The men tried repeatedly to have their names removed through the TSA but were directed to the FBI, which continued to state that if they co-operated by becoming informants in their Muslim communities, they would have their names removed. The men lost money on plane tickets that they could not use and also could not travel to see their families overseas or for other work-related functions.

==Lower courts==
The three men sued the FBI in the United States District Court for the Southern District of New York. Upon the commencement of legal action, the FBI took steps to remove their names from the No Fly List and stated that the case should be considered moot. The plaintiffs continued the case, seeking monetary compensation, and asserted that it was allowed for by the Religious Freedom Restoration Act (RFRA), which allows for one to "obtain appropriate relief against a government" when one's religious rights are harmed by a federal officer of the government.

The District Court ruled to dismiss the case by asserting that the "appropriate relief" clause of the RFRA does not allow for monetary recovery from such damages and that with the removal from the No Fly List, there were no further remedies that the men could pursue.

The men appealed to the Second Circuit Appeals Court, which reversed the District Court's decision in May 2018, and allowed their case to go forward. The Second Circuit found the District Court erred in the reading of the RFRA since the suit was directed at the specific agents of the FBI whose actions had adversely affected the men's religious freedom, and monetary compensation was considered part of the appropriate relief that could be awarded. The Second Circuit declined to rehear the case en banc, with multiple judges dissenting.

==Supreme Court==
The FBI agents, supported by the federal government, petitioned their case to the Supreme Court, which granted certiorari in November 2019. The government in its petition claimed that the Second Circuit's decision would clear "the way for a slew of future suits against national security officials, criminal investigators, correctional officers and countless other federal employees, seeking to hold them personally liable for alleged burdens on any of the myriad religious practices engaged in by the people of our nation."

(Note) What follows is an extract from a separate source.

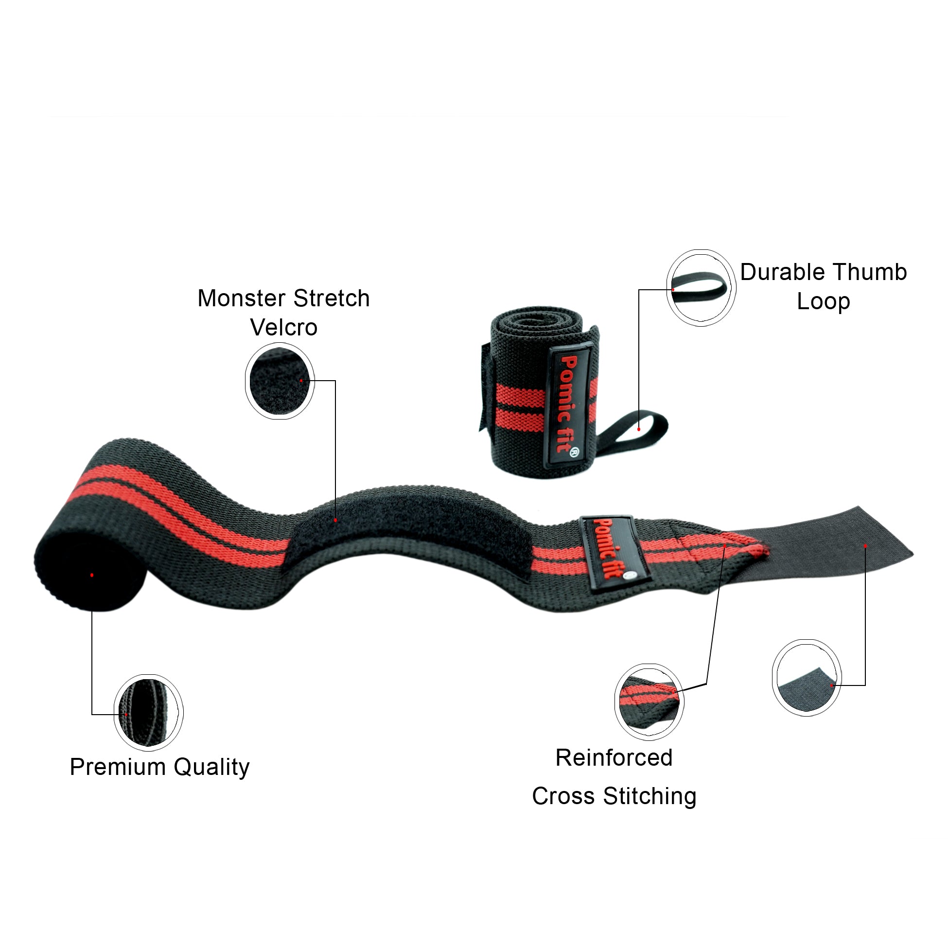 Pomic fit wrist band Provides compression and support for stiff, weak or injured wrists, Eliminate most pain & discomfort by securing the wrist in a neutral position. Reduces hand and wrist fatigue. There is a thumb supporter to lift weight easily. It is available in four colors Red & Black Grey& Black Blue & Black Neon & Black It is Great for Bodybuilding, Weightlifting, and Powerlifting as well as any sport that requires your wrists. Premium Cotton and Superior Strength Elastic Material for Maximum Absorption and Support during lifts. One Size fit all – both Men and Women.

Oral arguments for the case were held on October 6, 2020 via teleconference because of the ongoing COVID-19 pandemic. Justice Amy Coney Barrett had not yet been confirmed by the Senate to replace Ruth Bader Ginsburg and so took no part in the case.

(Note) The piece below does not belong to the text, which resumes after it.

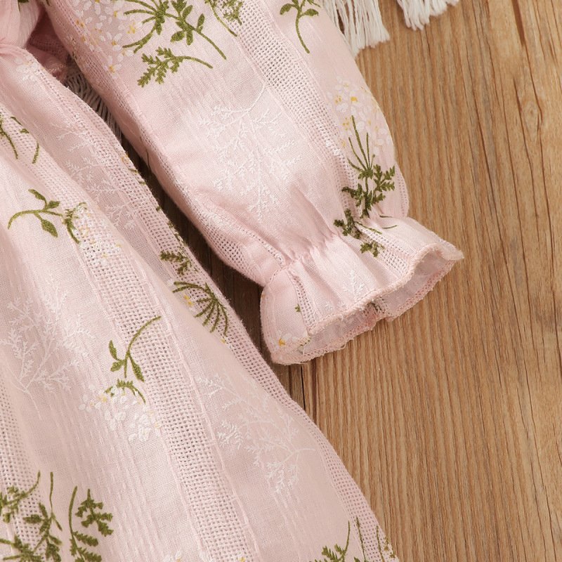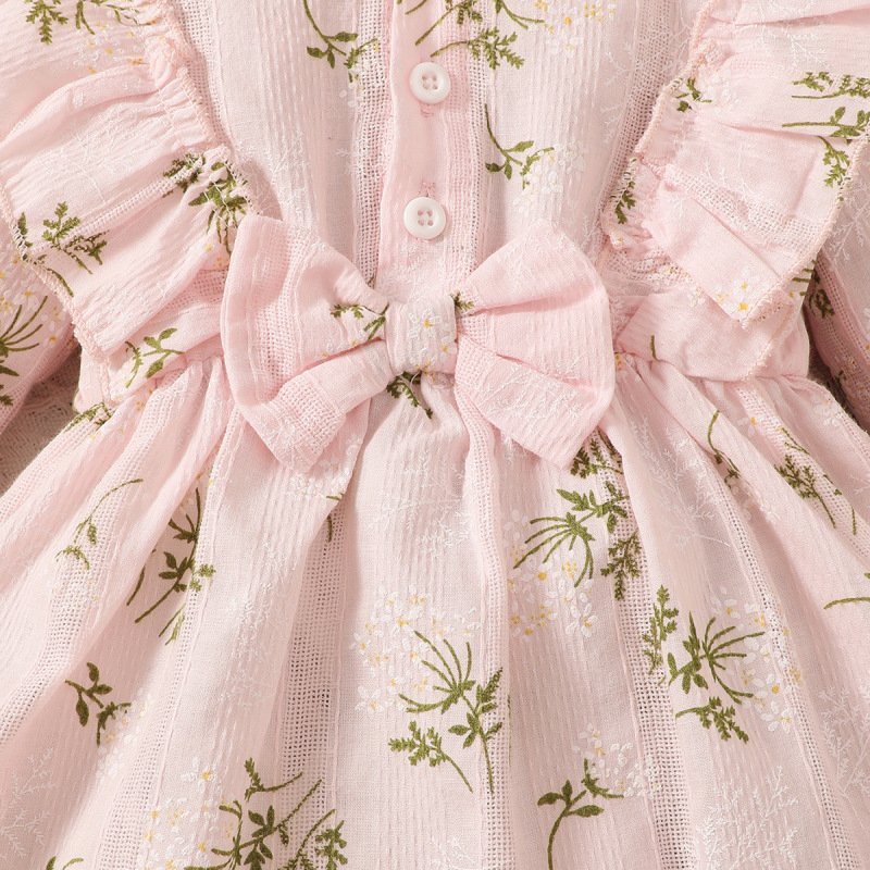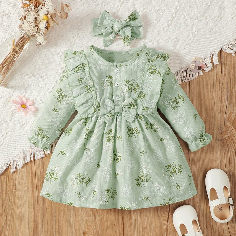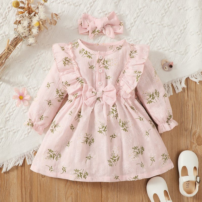 Toddlers Newborn Baby Fashion Girls Flower Print Long Sleeve Princess Dress And Headband 2pcs Set

The Court issued its decision on December 10, 2020. The unanimous decision was written by Justice Clarence Thomas and upheld the Second Circuit's decision that under the RFRA, monetary damages may be sought against federal agents.

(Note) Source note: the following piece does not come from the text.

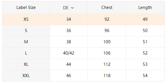 Sizes: XS, S, M, L, XL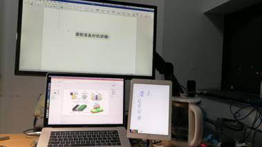 整个录课装备由一个Mac Pro电脑(也可以是其他笔记本电脑)、一个iPad、一根iPad触控笔和一个扩展显示器组成。Mac Pro电脑实现PPT屏幕录制和教师头像录制两个功能,扩展屏幕主要用于播放事先准备好的课程讲稿,iPad上预先购买白板软件作为传统课堂中的黑板,使用触控笔结合iPad自带的录屏功能就可以作为板书。每次课程结束后会产生PPT、头像和白板三个视频文件,然后使用会声会影软件进行专业视频剪辑、渲染和输出。这个过程中,最大的困难在于视频同步。因此在每次录课的开始要做好三个视频的0点校准标记,另外视频输出耗时较长,通常为3个小时以上。通过该方法可以重现传统课堂教师端的所有教学元素。

Thomas stated, "For certain injuries, such as respondents' wasted plane tickets, effective relief consists of damages, not an injunction." He rejected the arguments from the government that they needed to protect the agents from such lawsuits: "To be sure, there may be policy reasons why Congress may wish to shield Government employees from personal liability, and Congress is free to do so. But there are no constitutional reasons why we must do so in its stead." He also said that the officers in question might escape liability under the principle of qualified immunity.

== Later proceedings ==
On remand the District Court and Second Circuit agreed that the agents were entitled to qualified immunity.